Yes, Virginia, There is a Santorum Residence 

If Benjamin Ragheb has his way, Sen. Rick Santorum will be ruled a Pennsylvania resident in name only.


Ragheb, 24, of the South Side, is de facto head of the 1,300-strong local Democracy For America group, since he has organized their gatherings via meetup.com for two years. The group, which evolved from Howard Dean's presidential campaign, has begun to circulate a petition asking Santorum to quit claiming he lives in Allegheny County and receiving a tax break under the Act 50 Homestead Exemption.


Homestead exemptions go to property owners who live in their homes as a primary residence. As has been widely reported, the senator, his wife and their six kids do not seem to spend much time in the two-bedroom home they own in Penn Hills. In response to a City Paper query in December, Santorum's office sent a statement, beginning "Rick and Karen have been residents of Penn Hills since 1995 ..."


Ragheb and other members of the Democracy group aren't buying it. The Santorums already face a fight with Penn Hills School District over the tuition the district has paid to a cyber charter school to educate the senator's kids. But Ragheb's group is staying out of that one. "Homestead exemption," however -- them's fightin' words.
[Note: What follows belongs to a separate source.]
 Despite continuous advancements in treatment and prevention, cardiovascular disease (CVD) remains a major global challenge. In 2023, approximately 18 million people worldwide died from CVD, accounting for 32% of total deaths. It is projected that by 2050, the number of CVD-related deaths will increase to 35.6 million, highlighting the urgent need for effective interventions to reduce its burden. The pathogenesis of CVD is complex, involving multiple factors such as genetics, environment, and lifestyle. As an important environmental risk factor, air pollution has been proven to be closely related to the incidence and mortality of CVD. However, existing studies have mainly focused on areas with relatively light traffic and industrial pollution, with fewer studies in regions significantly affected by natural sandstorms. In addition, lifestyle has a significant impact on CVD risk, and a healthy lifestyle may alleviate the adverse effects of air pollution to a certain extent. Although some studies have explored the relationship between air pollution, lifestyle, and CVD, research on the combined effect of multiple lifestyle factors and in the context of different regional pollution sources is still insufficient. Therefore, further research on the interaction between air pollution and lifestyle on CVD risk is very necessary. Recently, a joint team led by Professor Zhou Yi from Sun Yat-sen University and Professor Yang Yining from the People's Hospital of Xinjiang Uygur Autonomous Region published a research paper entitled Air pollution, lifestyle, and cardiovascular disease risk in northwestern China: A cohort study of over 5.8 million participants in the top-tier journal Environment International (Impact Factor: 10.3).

Copies of the petition are available at http://www.pghdfa.org/homesteadtax/ and http://santorumcybergate.blogspot.com/, an anonymous blogger's collection of clickable items related to the case. It includes three purported views of Santorum's southern manse, which resembles nothing available at a Penn Hills real estate office. The petition has been passed around everywhere from Super Bowl parties to bars; organizers are hoping to troll progressive events for more signatures soon. They plan to present it to Santorum's Pittsburgh office and to Allegheny County officials to be named later.
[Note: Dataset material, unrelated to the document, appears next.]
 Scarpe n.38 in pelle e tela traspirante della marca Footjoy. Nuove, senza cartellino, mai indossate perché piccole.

Not that Ragheb believes the senator, faced with the sting of a thousand signatures, will resign -- or pay his back taxes and a possible fine, as state law allows. Though the petition has no legal force, for Ragheb it's a character issue -- and one that may contribute a few more anti-Santorum voters.


"One of the things I've learned is that it's important to tailor your message to your audience," Ragheb says. "I used to tell my parents that if Bush were re-elected, I'd become an alcoholic."